Saturday, December 31, 2011

nicotine love

It pains me to see how my life
Passes by
Burned to ashes
Slowly by threads and dried leaves
As the lips of a man
Suck my bottom
To take a breath
And puff a smoke to relax
His tensed fingers.

I nearly reached half
When comes a man in Ivy League
Enduring a spectacle
To the left
Took out a menthol.

Without word,
Without notice
A deep inhale—
Three seconds to four
The menthol touched my cinder,
my lip of wanton desire.

His lips of patience drought
Burned.
As I pass fire
Into his lifeless roll
Happy to be consumed
And to share a love divine.

And as I burn I see him
Release the shards of mint
To the visitor's lip
Turning to ashes
As I too turn without vain.

Down the corner
We burn
From our masters' hand
Who said nothing but smiles
From their eyes emanating
Like our flicker burning.

For love like mine
Is worth the wait.
Without question nor force
Despite the long delay
And the heaves and ho's
In perfect time
In a hopeless place.


Note: I don't smoke. I just find the metaphor fitting.

Friday, December 16, 2011

playback

The greatest explorer on this earth never takes voyages as long as those of the man who descends to the depth of his heart. (Julien Green)

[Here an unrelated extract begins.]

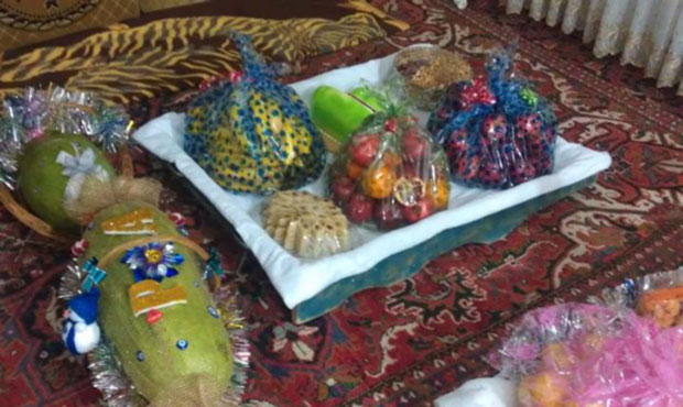 محتویات خوانچه ها عبارتند از شیرینی، پرتقال، سیب، انار، هندوانه، آیینه و پارچه که با پولک و تور تزیین می شود. هنگام غروب، زنان فامیل هدایایی به رسم یاری به منزل داماد آورده و به جشن و پایکوبی می پردازند.
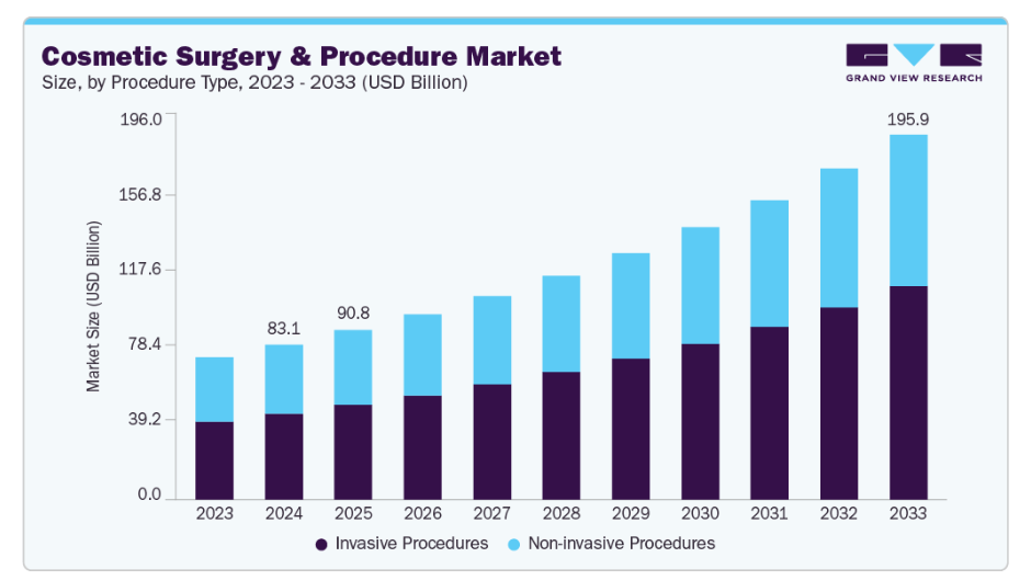 ソーシャルメディアの影響力拡大と美の基準の変遷は、美容整形手術・施術市場を牽引する重要な要因となっています。Instagram、TikTok、YouTubeなどのプラットフォームが美の概念を形成する中、人々はこれまで以上に、完璧な肌、対称的な顔立ち、若々しい外見を強調する、編集された画像、有名人の変身、美容トレンドに触れる機会が増えています。この絶え間ない視覚的刺激は、自己認識を高め、理想化された外見を模倣したいという欲求を強めています。そのため、より多くの人々が、現在の美容トレンドに自分の外見を合わせるために、皮膚充填剤、ボトックス、唇のボリュームアップ、顔の輪郭整形などの美容整形を求めるようになっています。

I find my friends' wishlist utter funny because not one of them forgave "everlasting love" in their Christmas wants. Of course, it's quite a challenge for them because they're women and their ovaries have expiration dates. Some of them have already settled in secured relationships but the selected few—who are either in need of strangulation for the kind of blah relationships they are in or in need of plugging a cork on the mouths for the sighing and whining they always belt out—have never let a month without a bawl on Facebook about their star-crossed romances. If not having their boyfriends, my friends are already on the run in finding one. And I, well, I guess the park is too nice to hit a breakneck speed like that.

I've always thought that life is miserable without a partner. My folks have mentioned that life can get a little too sullen when you're aging and finding your space too spacious for yourself and a pooch. But just about that, I think space will work fine for me. Apart from circulating air that's good for the lungs, I needed a lot of "me-time" to think things over. I'm a sober thinker, that's an admission.

Pictures of some of my batchmates already fathers, some classmates cuddling their bundles of joy, sure do the world is creeping up from my back like a chill from Siberia, whispering to my ear that I'm not far from getting old and the twenties is the perfect time to at least go out there and search for your eternal penguin. But that's not just working for me.

And for that, despite the slew of lovelorn hopeless romantics surrouding me or the fairytales that almost all wanted, somehow, I think that even with the wintry chill that everyone uses to prop up an argument to have that someone to cuddle with—people have this knack of using your insecurity against you, eh?—I keep my cool with it.